■ **SOURCE DATA**:
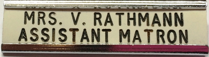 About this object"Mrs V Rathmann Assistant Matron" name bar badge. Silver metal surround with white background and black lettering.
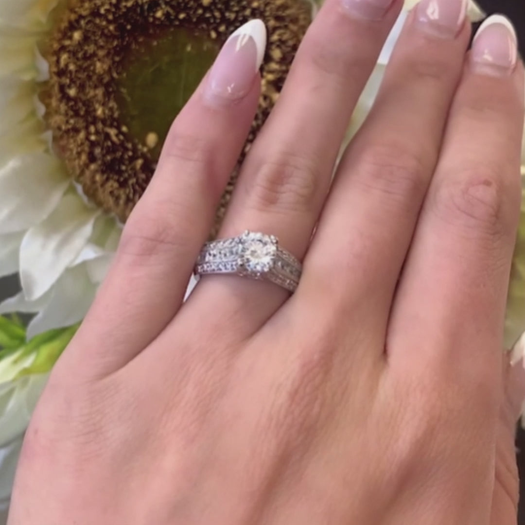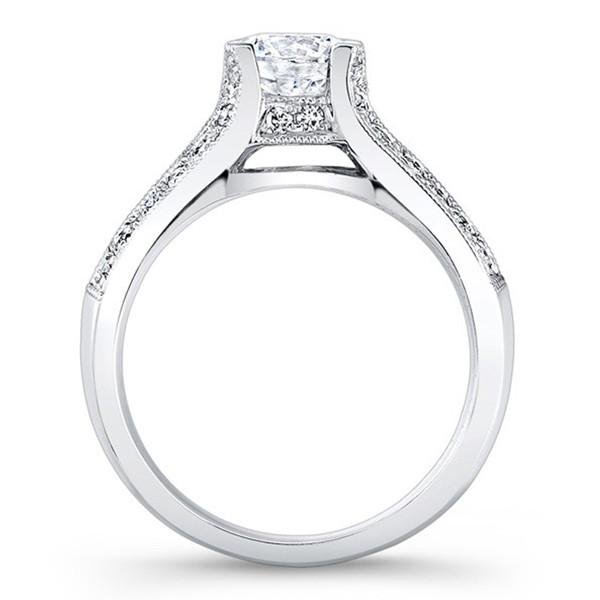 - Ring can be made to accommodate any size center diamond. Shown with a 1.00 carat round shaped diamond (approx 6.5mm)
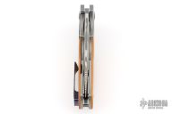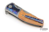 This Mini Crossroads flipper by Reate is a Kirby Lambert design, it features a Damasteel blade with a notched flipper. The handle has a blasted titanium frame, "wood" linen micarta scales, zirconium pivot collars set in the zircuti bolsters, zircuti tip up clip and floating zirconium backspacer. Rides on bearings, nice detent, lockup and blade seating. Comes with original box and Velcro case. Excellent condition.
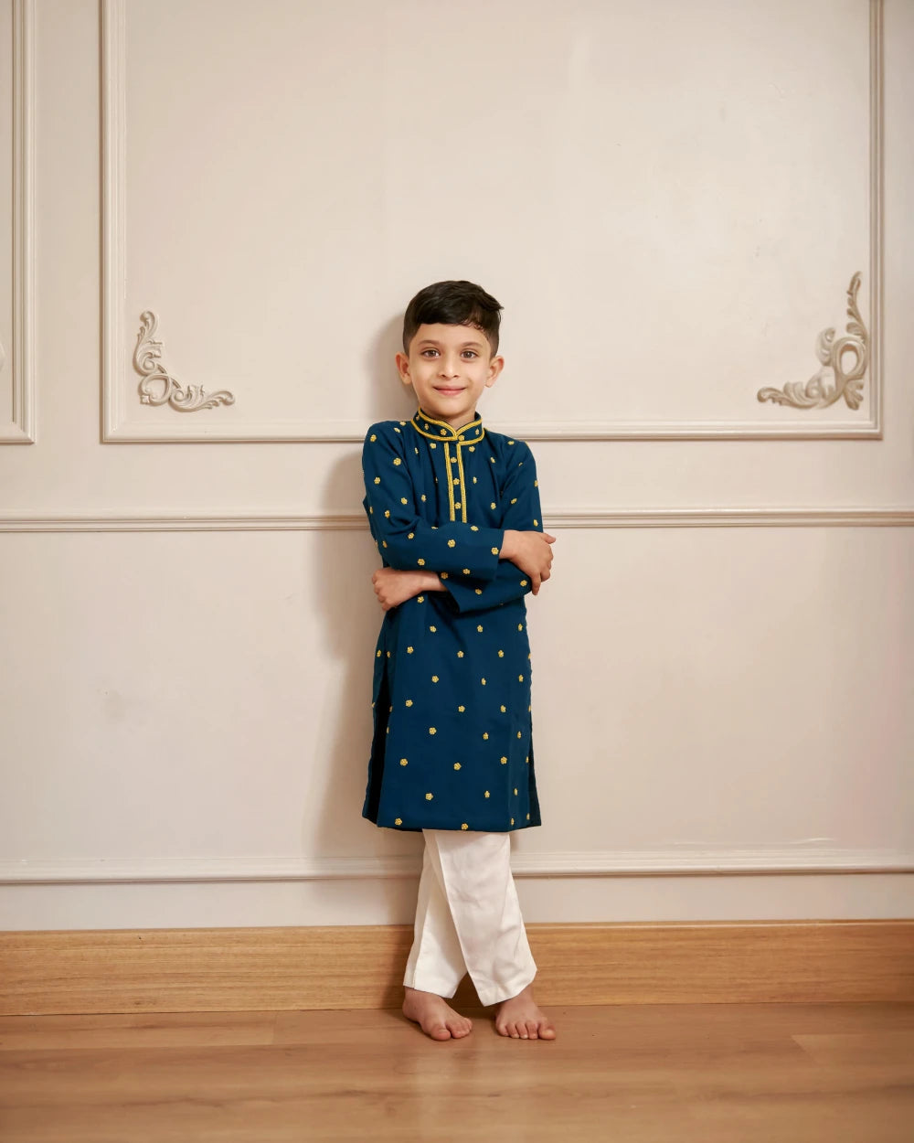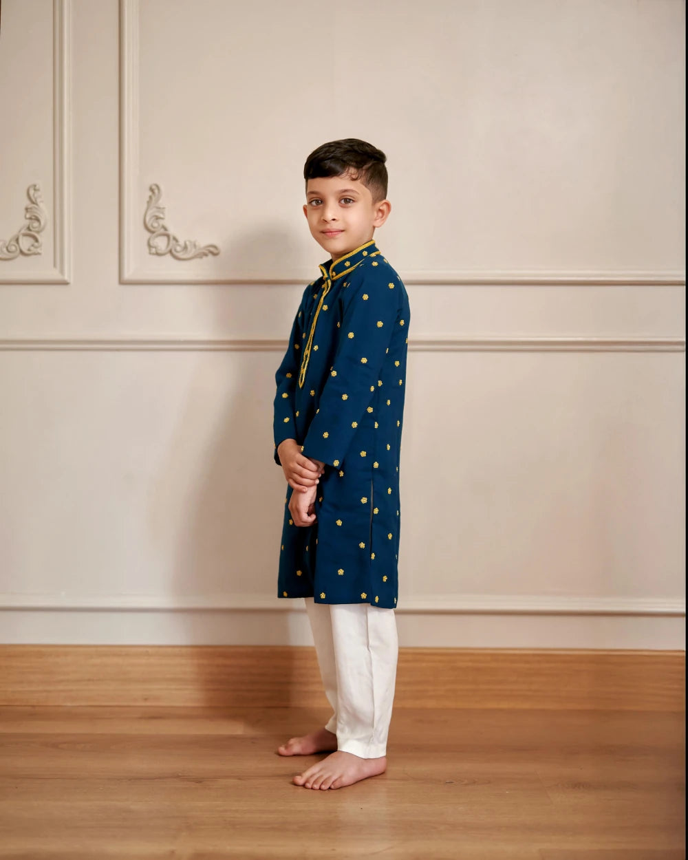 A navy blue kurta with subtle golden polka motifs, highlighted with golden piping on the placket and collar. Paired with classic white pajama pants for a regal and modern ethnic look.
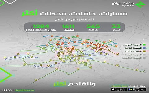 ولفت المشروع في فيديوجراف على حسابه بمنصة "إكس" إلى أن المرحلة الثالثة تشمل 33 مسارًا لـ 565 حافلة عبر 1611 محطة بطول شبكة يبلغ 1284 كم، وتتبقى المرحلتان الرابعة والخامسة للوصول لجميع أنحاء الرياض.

■ **TASK GOAL**: Please write out exactly, and only, the lines from the beginning of the entries through the line containing "This Mini Crossroads", including both and skipping all pictures.

■ **EXERCISE RESPONSE**:
 About this object"Mrs V Rathmann Assistant Matron" name bar badge. Silver metal surround with white background and black lettering.
 - Ring can be made to accommodate any size center diamond. Shown with a 1.00 carat round shaped diamond (approx 6.5mm)
 This Mini Crossroads flipper by Reate is a Kirby Lambert design, it features a Damasteel blade with a notched flipper. The handle has a blasted titanium frame, "wood" linen micarta scales, zirconium pivot collars set in the zircuti bolsters, zircuti tip up clip and floating zirconium backspacer. Rides on bearings, nice detent, lockup and blade seating. Comes with original box and Velcro case. Excellent condition.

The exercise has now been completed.